# [Task details]
All the data below goes into the copy word for word, but the pictures don't.
═══ Supplied information ═══
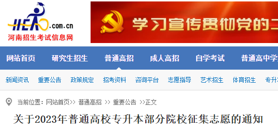 專升本考試頻道從河南招生考試信息網(wǎng)了解到,2023年河南普通高校專升本部分院校征集志愿的通知已公布,具體如下:
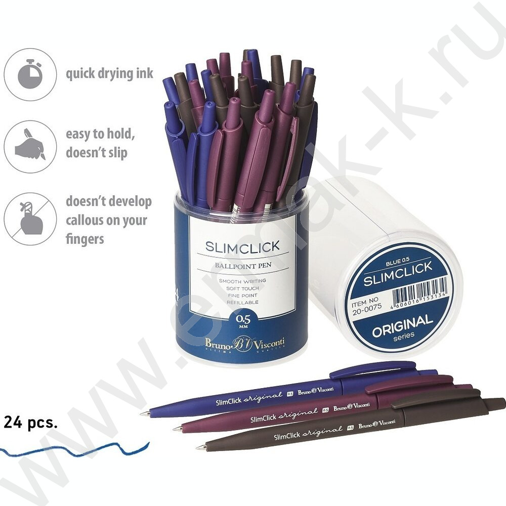 Ручка шар авт SlimClick.Original синяя 0,5мм /антискольз.корпус/3цв.корпуса
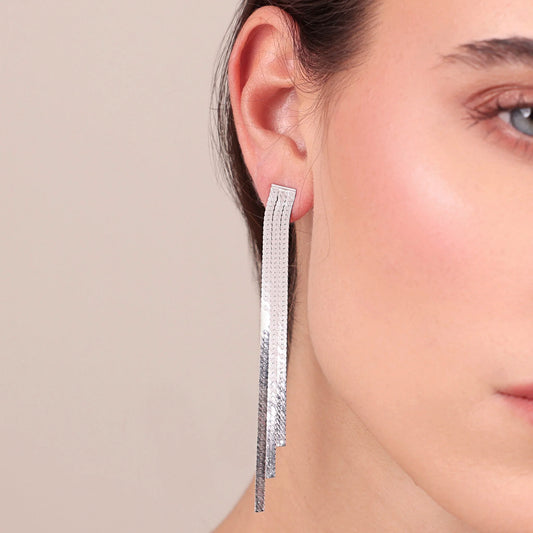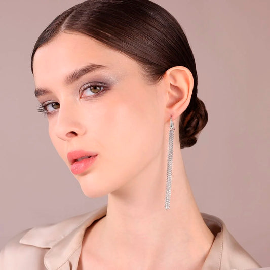 Orecchini Pendenti Multifilo in Maglia Brillantina in Argento 925 placcato Platino Sku: MTV418
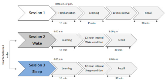 - Wilhelm, I.; Diekelmann, S.; Molzow, I.; Ayoub, A.; Mölle, M.; Born, J. Sleep Selectively Enhances Memory Expected to Be of Future Relevance. J. Neurosci. 2011, 31, 1563–1569. [Google Scholar] [CrossRef] [PubMed]
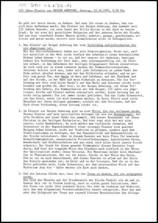 125 Jahre Kloster zur Ewigen Anbetung
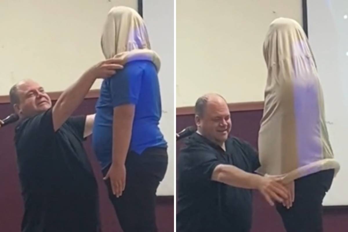 “Enseguida comienzo a colocarlo extendiéndolo hacia abajo. La forma del pene va a variar. Hay unos que son inclinados hacia atrás, otros son inclinados hacia arriba, hay otros que están de ladito. Finalmente esto que están viendo es una erección grado cuatro”, se logra escuchar en una parte del video donde además se aprecia la colaboración de un tercero que sujeta el micrófono al profesor.
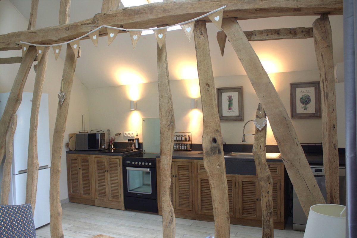 Charming single storey house with wood burning fireplace south facing west private and enclosed garden and terrace. This cute place, nestled in an outbuilding of the owners' house, is located on the edge of a quiet lane with a large park with trees, nature and meadows as neighbours. This place, not far from the Baie de Somme, the sea and the forest, will be ideal for a weekend, a holiday, or a telecommuting break for couples or families.
═══
# [Exercise solution]
 專升本考試頻道從河南招生考試信息網(wǎng)了解到,2023年河南普通高校專升本部分院校征集志愿的通知已公布,具體如下:
 Ручка шар авт SlimClick.Original синяя 0,5мм /антискольз.корпус/3цв.корпуса
 Orecchini Pendenti Multifilo in Maglia Brillantina in Argento 925 placcato Platino Sku: MTV418
 - Wilhelm, I.; Diekelmann, S.; Molzow, I.; Ayoub, A.; Mölle, M.; Born, J. Sleep Selectively Enhances Memory Expected to Be of Future Relevance. J. Neurosci. 2011, 31, 1563–1569. [Google Scholar] [CrossRef] [PubMed]
 125 Jahre Kloster zur Ewigen Anbetung
 “Enseguida comienzo a colocarlo extendiéndolo hacia abajo. La forma del pene va a variar. Hay unos que son inclinados hacia atrás, otros son inclinados hacia arriba, hay otros que están de ladito. Finalmente esto que están viendo es una erección grado cuatro”, se logra escuchar en una parte del video donde además se aprecia la colaboración de un tercero que sujeta el micrófono al profesor.
 Charming single storey house with wood burning fireplace south facing west private and enclosed garden and terrace. This cute place, nestled in an outbuilding of the owners' house, is located on the edge of a quiet lane with a large park with trees, nature and meadows as neighbours. This place, not far from the Baie de Somme, the sea and the forest, will be ideal for a weekend, a holiday, or a telecommuting break for couples or families.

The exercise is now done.